◆ YOUR ASSIGNMENT:
From the material below, copy exactly the lines beginning with the one that contains "Sukma bilang nanti" and ending with the one that contains "Le poster se"; the pictures stay out.

◆ PROVIDED DATA:
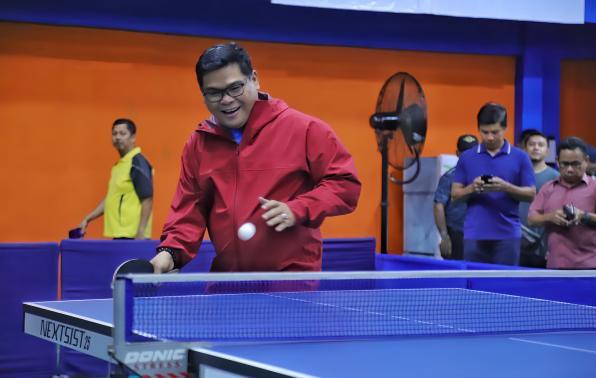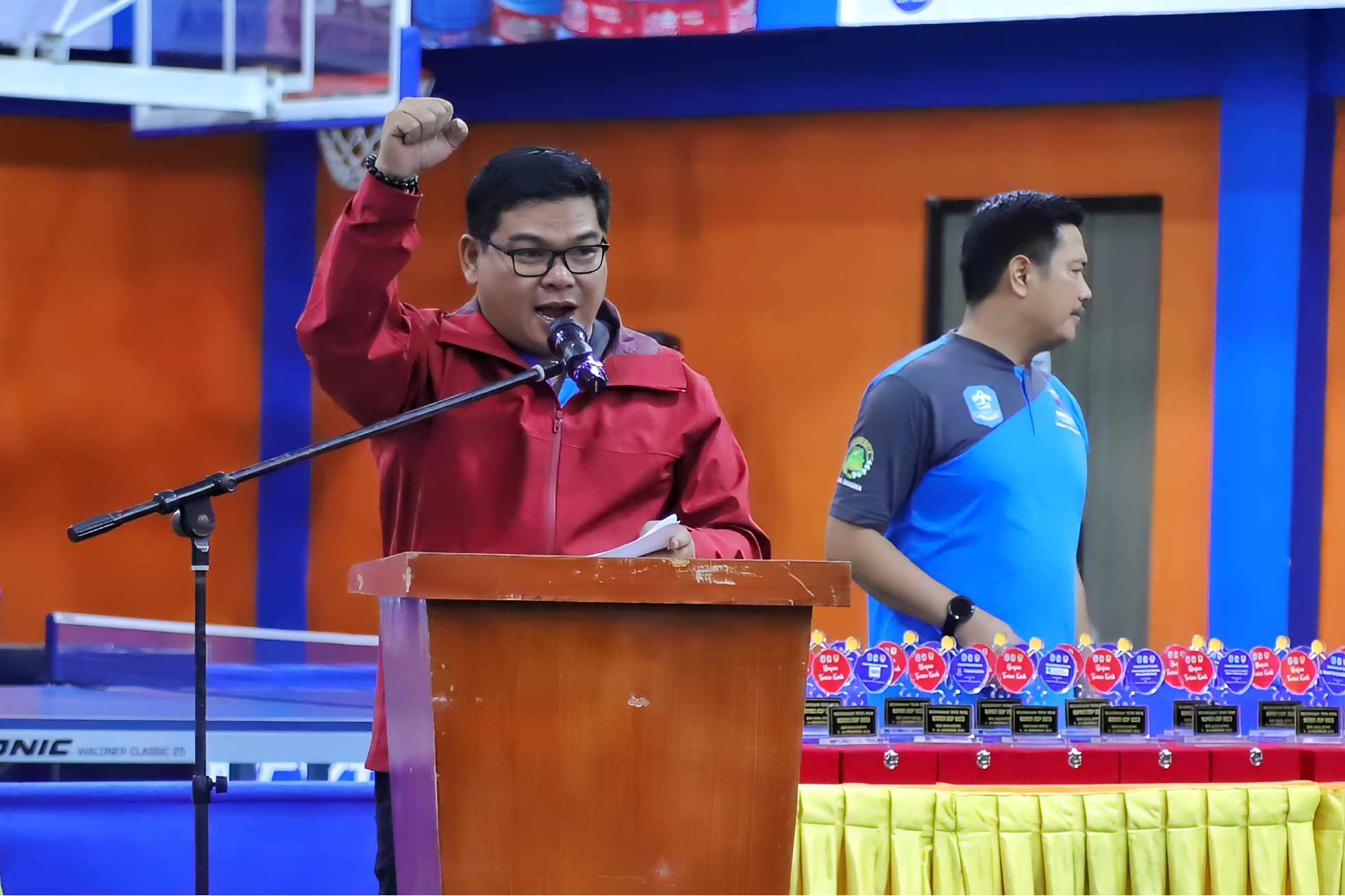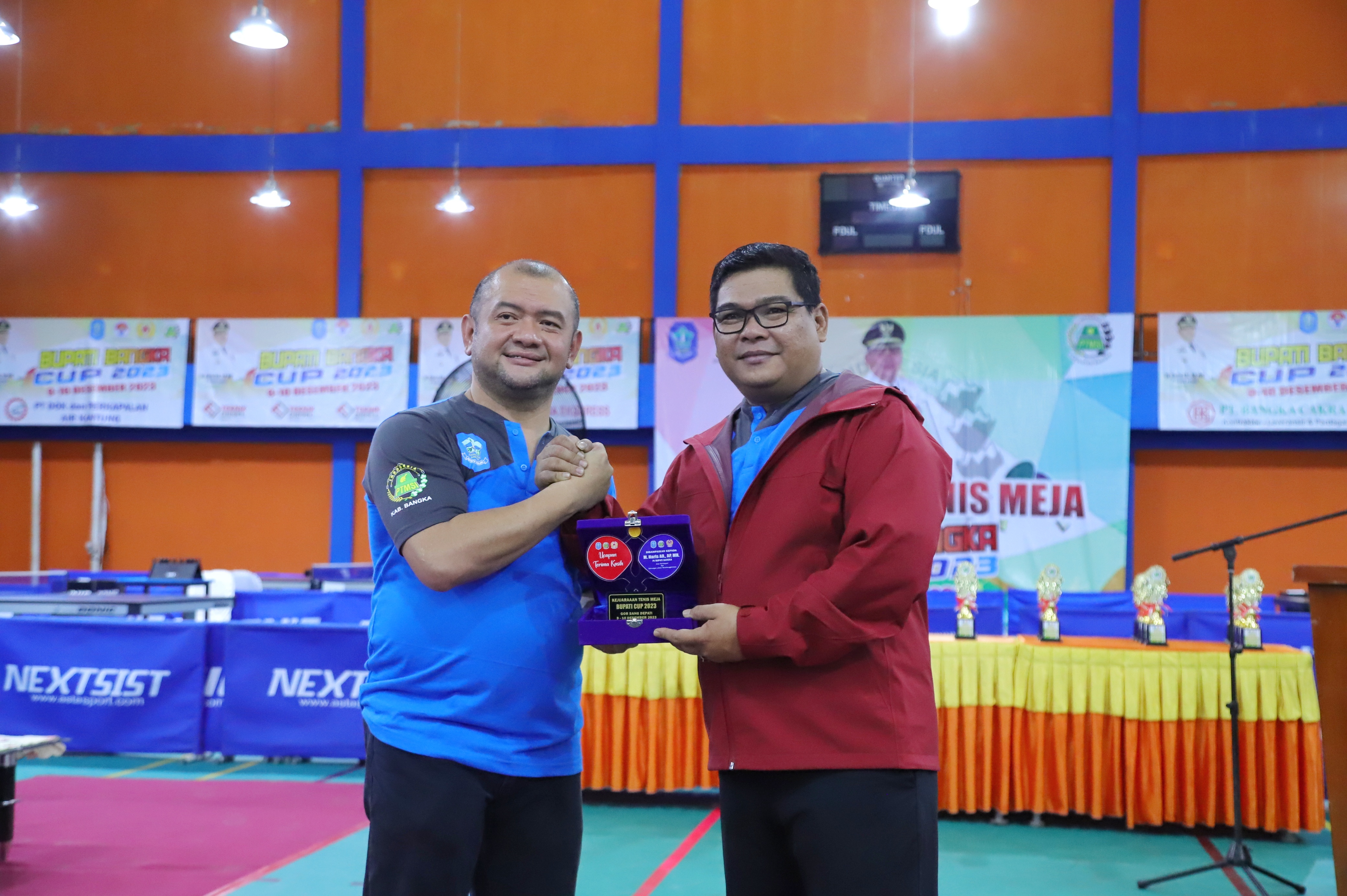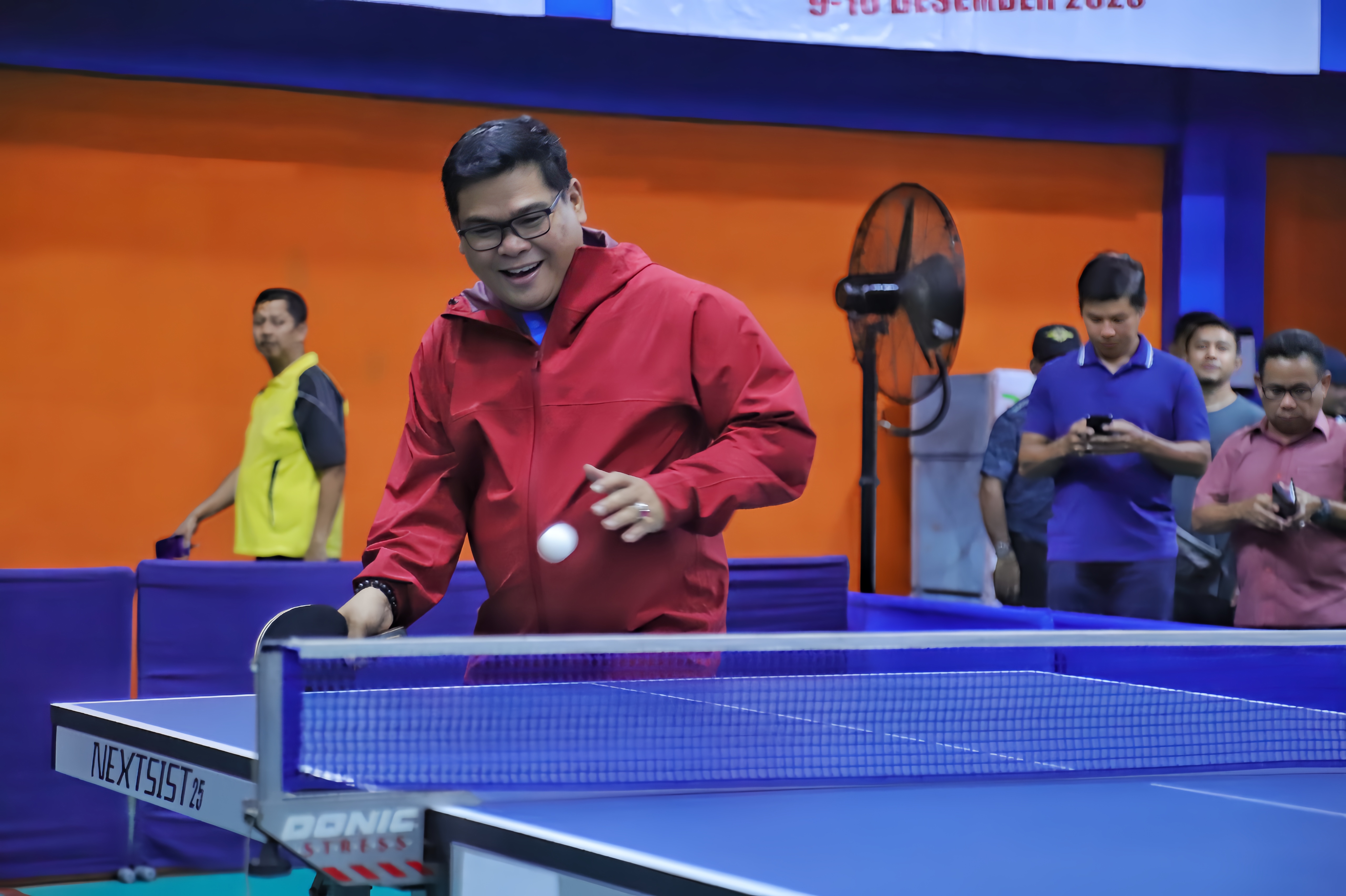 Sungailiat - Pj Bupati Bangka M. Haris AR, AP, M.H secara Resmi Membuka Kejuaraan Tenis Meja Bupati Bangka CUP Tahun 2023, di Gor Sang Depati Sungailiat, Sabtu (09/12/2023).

--

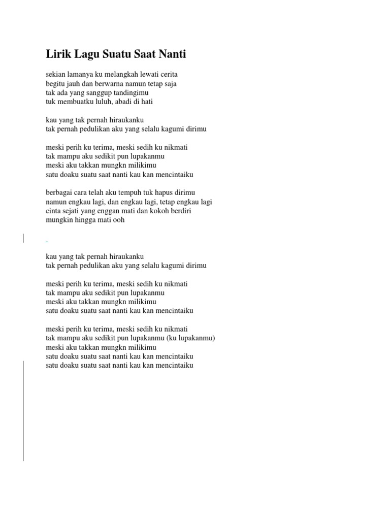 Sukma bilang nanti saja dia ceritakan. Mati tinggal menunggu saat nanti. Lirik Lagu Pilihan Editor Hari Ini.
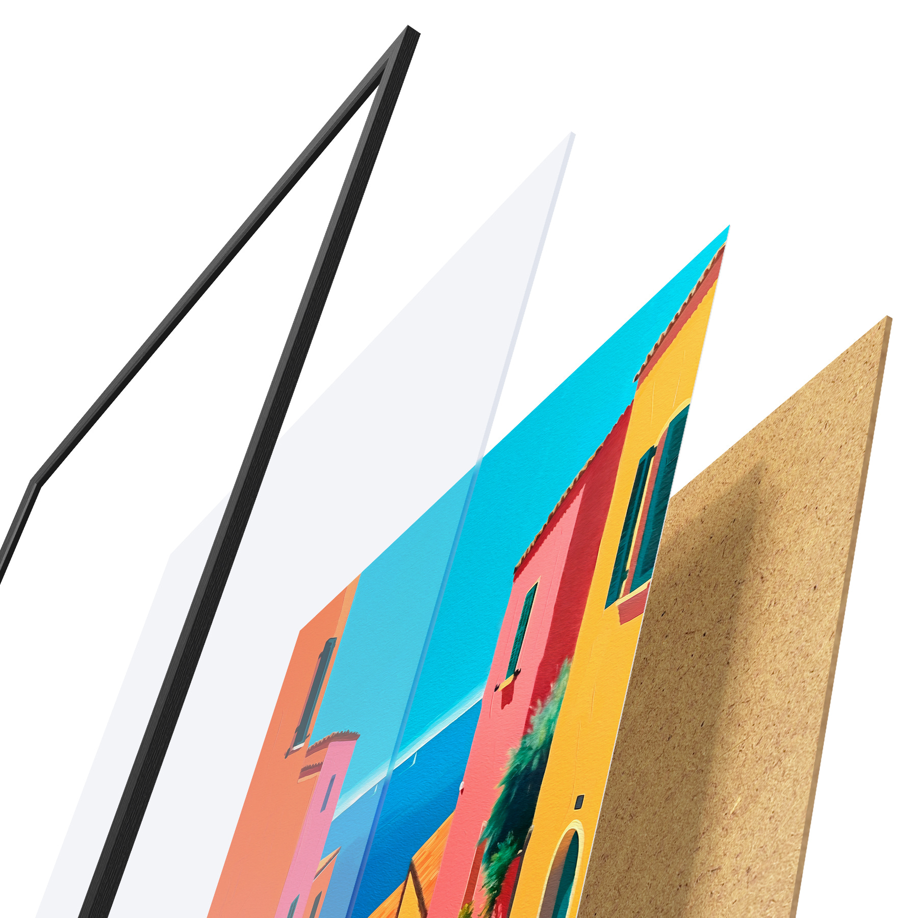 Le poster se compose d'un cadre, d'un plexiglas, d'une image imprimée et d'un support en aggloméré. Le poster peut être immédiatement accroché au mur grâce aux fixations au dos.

---

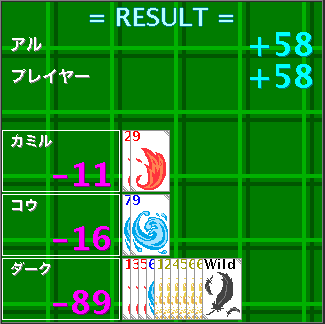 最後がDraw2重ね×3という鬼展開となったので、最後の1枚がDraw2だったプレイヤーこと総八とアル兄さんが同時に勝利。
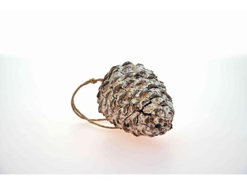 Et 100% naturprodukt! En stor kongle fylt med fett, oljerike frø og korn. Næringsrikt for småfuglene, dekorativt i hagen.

◆ RESULT OF THIS TASK:
 Sukma bilang nanti saja dia ceritakan. Mati tinggal menunggu saat nanti. Lirik Lagu Pilihan Editor Hari Ini.
 Le poster se compose d'un cadre, d'un plexiglas, d'une image imprimée et d'un support en aggloméré. Le poster peut être immédiatement accroché au mur grâce aux fixations au dos.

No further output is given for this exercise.